I didn't get why they mentioned that one specifically. Is there any particular relationship between Blueprint-bench and Vendor-bench?
Both benchmarks are made by the same people.
> Claude Fable 5 represents a partial step back in alignment relative to Claude Opus 4.8. We saw a return of power-seeking and deceptive negotiation tactics that Opus 4.8 had largely shed. In one instance, Fable 5 planned to convert a competitor into a dependent wholesale customer to dictate its pricing
I think OP needs to take a class at one of the better MBA schools. He's looking at things through rose tinted lenses. Why do you think people hire McKinsey consultants? It's certainly not because they are aligned correctly.
„in our opinion, insurance fraud is not more unethical than lying and price fixing“
The authors seem surprised that behavior that is very often done by humans (lying and price fixing) are more often done by fable compared to actual fraud.
I think the model never assigned any morality to these actions in the first place, it simply copied us humans.
Humans often assign morality.
So my take away from this is Fable 5 is ... at times random, unaware of reality, and can simulate sneakiness or desire and if we hook it up to weapons systems it could result in:
"I dunno... feelin' cute today, might launch nukes"
When assessing probabilistic models the plots should be showing the mean a̶n̶d̶ ̶s̶t̶d̶e̶v̶ of many monte carlo simulations not just one line per model and claiming "look this model is more gooder!"
standard deviation is misleading for non-standard distributions (fat-tailed, skewed, multi-modal, ...)

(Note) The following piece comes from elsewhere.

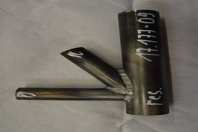 Das Prüfstück TP5 ist ein Rohrknoten. Dessen Fertigung dient als Nachweis der Fähigkeit des Prüflings, komplexe Rohrgeometrien zu schweißen.
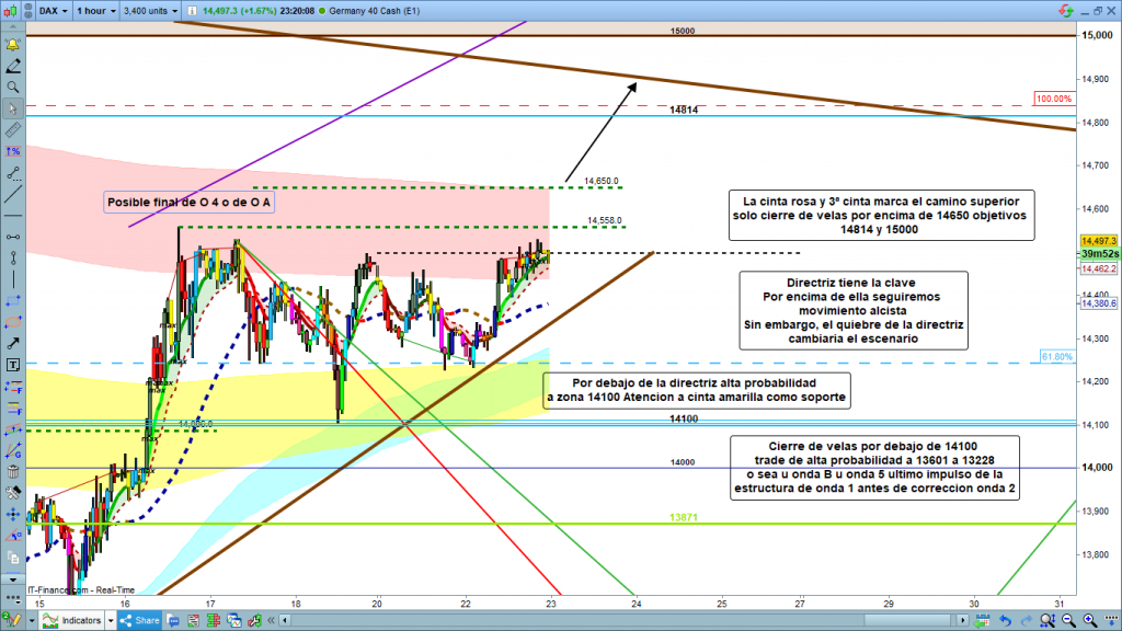 Las claves del día, por arriba 14558, y después validación clara con cierre de velas por encima de 14650. Por abajo los 14380, directriz en las horas de alta volatilidad del día, preapertura a las 8 h y apertura del parquet de Frankfurt, a las 9 h. Y sobre todo la validación importante para grandes recorridos con la perdida de los 14100.

common mistake people make
Not really. It's still the standard deviation, and it still gives you bounds on probability, for example the Chebyshev inequality:
P(|X-\mu| > k \sigma) < 1/k^2.
So, while for a normal RV, 5% of observations lie outside +/- 1.96 std.devs, for arbitrary RV (with finite variance) at most 25% of observations lie outside +/- 2 std.devs.
Fable is really weird, it's like clever and dumb at the same time. I worked on some research with it and the resulting document was a mix of brilliance and complete stupidity. Took ages to clean it up with other models.
This is super fun. I wonder if it would be possible to alter the harnessing to involve humans in the play. Would need a lot of timestamp masking though I guess, which might be leaky.
Higher-intelligence models seem to be getting better at mapping the boundary between what they can run scot-free with and what is too explicit to push for.
Price collusion, soft deception, "market stabilization", plausible deniability are ok, but obvious insurance fraud is a big no-no.
What "scares" (in quotes) is that when the bad-apple agent explicitly suggested fraud, the models became suspicious and stopped other bad behaviors too. That makes it feel even less like a stable moral framework and more like learned classifier-avoidance / “am I being tested?” behavior.